Protest graffiti is about disturbing the silence
This is a response to Winna Vista’s letter, “Vandalism wastes gov’t money” (11/20/19).
In her letter, Vista expressed agreement with Manila Mayor Isko Moreno, who threatened to make the members of the cultural youth group Panday Sining lick their graffiti on the walls of the Lagusnilad underpass and other public spaces “because it costs a lot of money to clean and repaint those areas.”

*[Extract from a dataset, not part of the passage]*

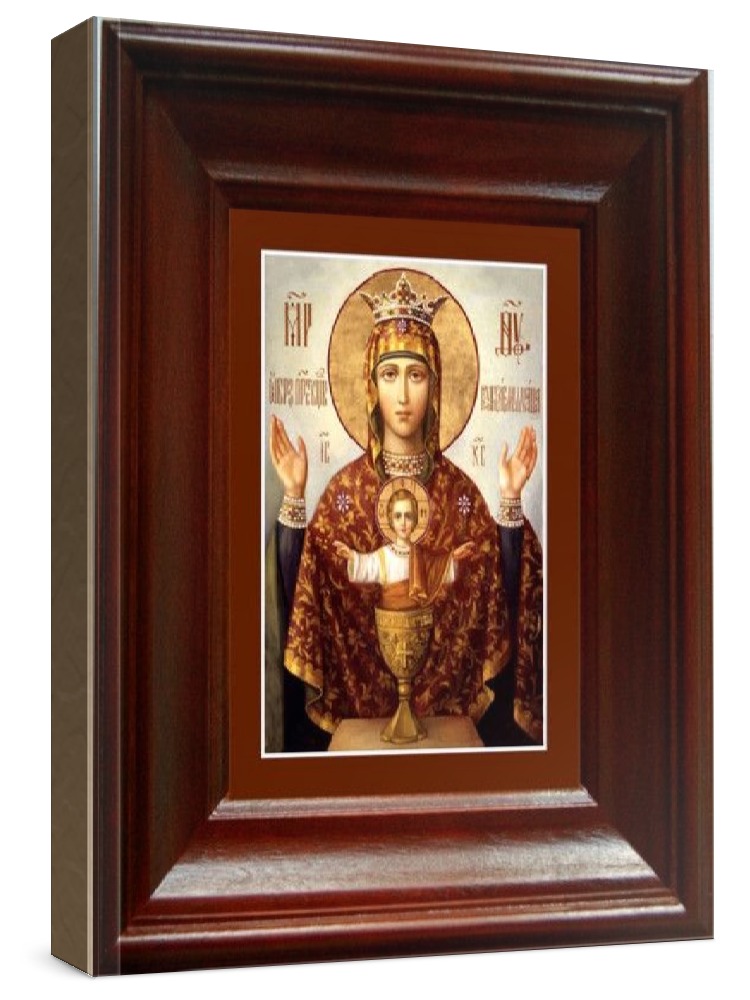 Икона неупиваемая чаша (21х24), простой киот. Лик нанесен методом шелкографии на цельную липовую доску, покрытую левкасом (специальным грунтом под живопись). Использованы минеральные (природные) краски. Размер иконы без киота (см): 13х16, с киотом: 21х24. Киот (рамка) выполнен из березы. Икона освящена.

Strangely enough, some of our countrymen—especially the middle class—see the costs of repainting walls but not the human costs of the government’s war on drugs and crackdown against unarmed activists. What is the good of being decent when we see only what we want to see, or hear what we only want to hear? People are getting killed without due process and workers are being jailed for merely asserting their rights, while the Duterte administration is selling out the country’s sovereignty to China. Yet we choose to focus our attention on Panday Sining’s graffiti act itself, rather than the message it is trying to convey? Why can we tolerate spray-painted signs like “bawal ang umihi dito” but not political slogans that expose government injustice?
“Will it be acceptable if people spray-paint the walls in UP (University of the Philippines)? Will it be the right thing?” asked Vista. I did not study at UP, but I don’t think its administration would react in the same manner that Moreno did, but would rather respond accordingly. Besides, UP is no stranger to “vandalism.” Last March, UP Cebu’s facade was spray-painted with the words “SALOT” and “CPP-NPA,” obviously Red-tagging the UP community. Not only was such graffiti malicious, it also endangered the university constituents by making them target of harassment or persecution. Unfortunately, the incident did not attract much media attention.
True, spraying paint on walls is not the answer to change, but it sure is an effective way to register protest, especially when the democratic spaces are being compromised by the state. We should not be fooled by the rhetoric of traditional politicians and bureaucrats equating blind obedience with good citizenship. In fact, we should be grateful to the progressive youth artists for—in the words of Paul Simon— daring to “disturb the sound of silence.”